I think I understand how one could view PCA as a means to find the basis vectors that, once a projection is done onto the subspace spanned by these vectors, maximizes the variance of the new dataset we obtain.
What I don't understand is why we view it this way? Why don't we simply say: PCA is a method we use to preserve as much of the length and direction of the original vectors? This is what I mean:
Suppose we have a data-matrix $$\newcommand{\bm}[1]{\boldsymbol{#1}} \bm{X} := \begin{bmatrix}\bm{x}_1 \\ \bm{x}_2 \\ \vdots \\ \bm{x}_N\end{bmatrix} \subseteq \mathbb{R}^{N \times D},$$
and we wish to find for the vector $\bm{w} \in \mathbb{R}^{D \times 1}$ that will span the "major-axis" that goes through the dataset.
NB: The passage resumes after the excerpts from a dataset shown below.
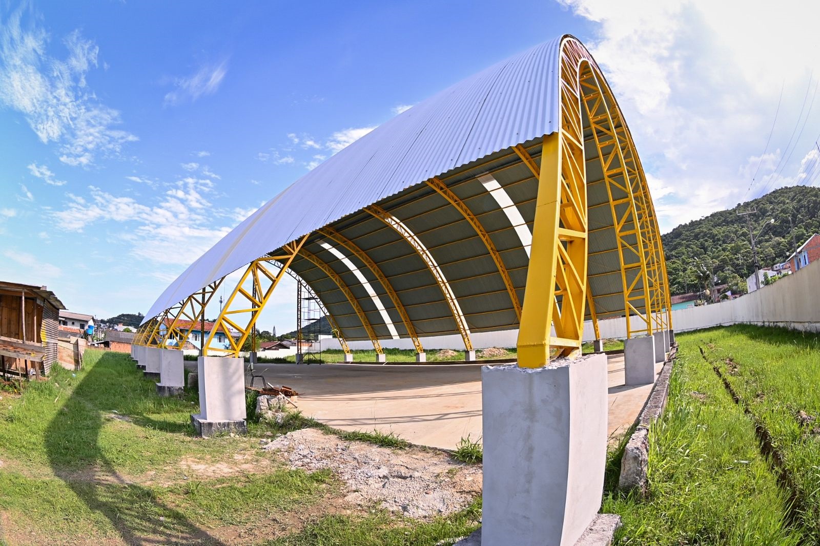 A quadra de esportes da EBM Olga de Andrade Borgonovo, no bairro Bom Viver, em Biguaçu, está recebendo cobertura. Em breve, os alunos da unidade escolar poderão usufruir da estrutura para praticarem atividades esportivas.
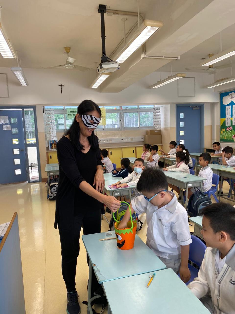 Today and for the past few days we have been decorating, sharing and celebrating the great candy and costume filled holiday of Halloween. The students loved it. Mr. Cam had Halloween recess activities in the hallways. The students got to come around during their break times to play witches hat ring toss for candy and stickers. Ms. Angel, her P5 Ambassadors and Mr. Cam set up and played Monster Mash Freeze Dance. This was a very active game for the students as they were to dance to the music and then freeze when it stopped. But, to give it the Halloween twist, we had the students freeze in the pose of various Halloween creatures they see pop up at each stopping of the music. Everyone really expressed well their Halloween spirit this year as they shouted “Happy Halloween” and “trick or treat” for just a little more extra candy.
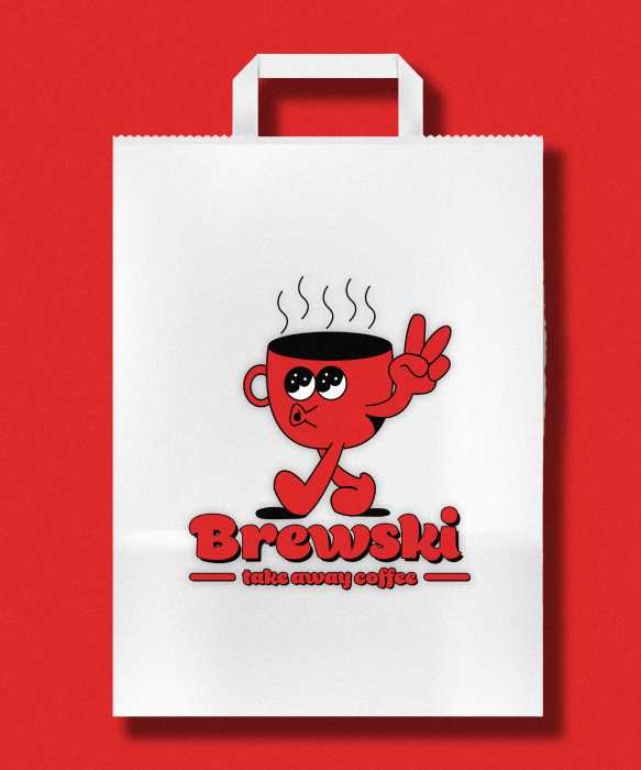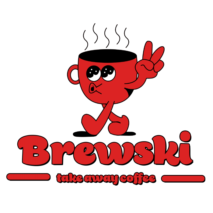 The logo for Brewski is a walking and whistling cup of coffee. The whole aesthetic is very illustrative and attention-grabbing. It differentiates itself from other coffee shops by not using any of the browns and green colours which are becoming trendy in today’s world.
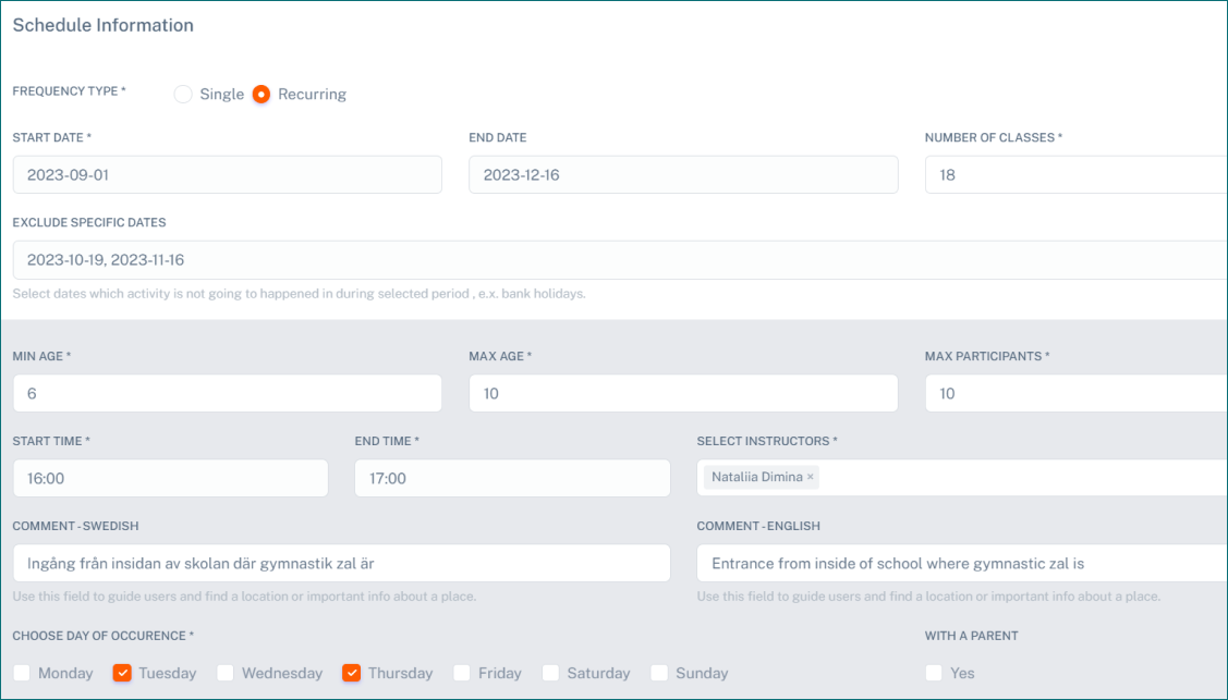- Tidsscheman och kapacitet: Ange aktivitetstider, maximalt antal deltagare och specificera veckodagar för att effektivisera schemaläggningen.

Then, what we want is to maximize the length of the projection of the datapoint $\bm{x}_i$ onto the subspace spanned by $\bm{w}$. That is, we want to maximize $$\sum_{i = 1}^N |\bm{x}_i\bm{w}|.$$ We see that, since we don't want $\bm{w}$ to grow arbitrarily in length, we restrict $\|\bm{w}\| = 1$. We see finally see that $$\operatorname*{argmax}_{\bm{w} \in \mathbb{R}^{D \times 1} \\ \|\bm{w}\| = 1} \sum_{i = 1}^N |\bm{x}_i \bm{w}| = \operatorname*{argmax}_{\bm{w} \in \mathbb{R}^{D \times 1} \\ \|\bm{w}\| = 1} \sum_{i = 1}^N (\bm{x}_i \bm{w})^2.$$ From there, we see that $$\sum_{i = 1}^N (\bm{x}_i\bm{w})^2 = \sum_{i = 1}^N \bm{w}^\top\bm{x}_i^\top\bm{x}\bm{w} = \bm{w}^\top\biggl(\sum_{i = 1}^N \bm{x}_i^\top \bm{x}_i\biggr)\bm{w} = \bm{w}^\top \bm{X}^\top \bm{X} \bm{w}.$$
At the end, it's known that the vector $\bm{w}$ that maximizes the above quadratic form is a unit eigenvector of $\bm{X}^\top\bm{X}$ that corresponds to the maximal eigenvalue of $\bm{X}^\top\bm{X}$. The rest of the principal vector could be found in a similar manner.
But see? I never had to bring up variance! My question is mostly about why we do bring up variance when discussing PCA.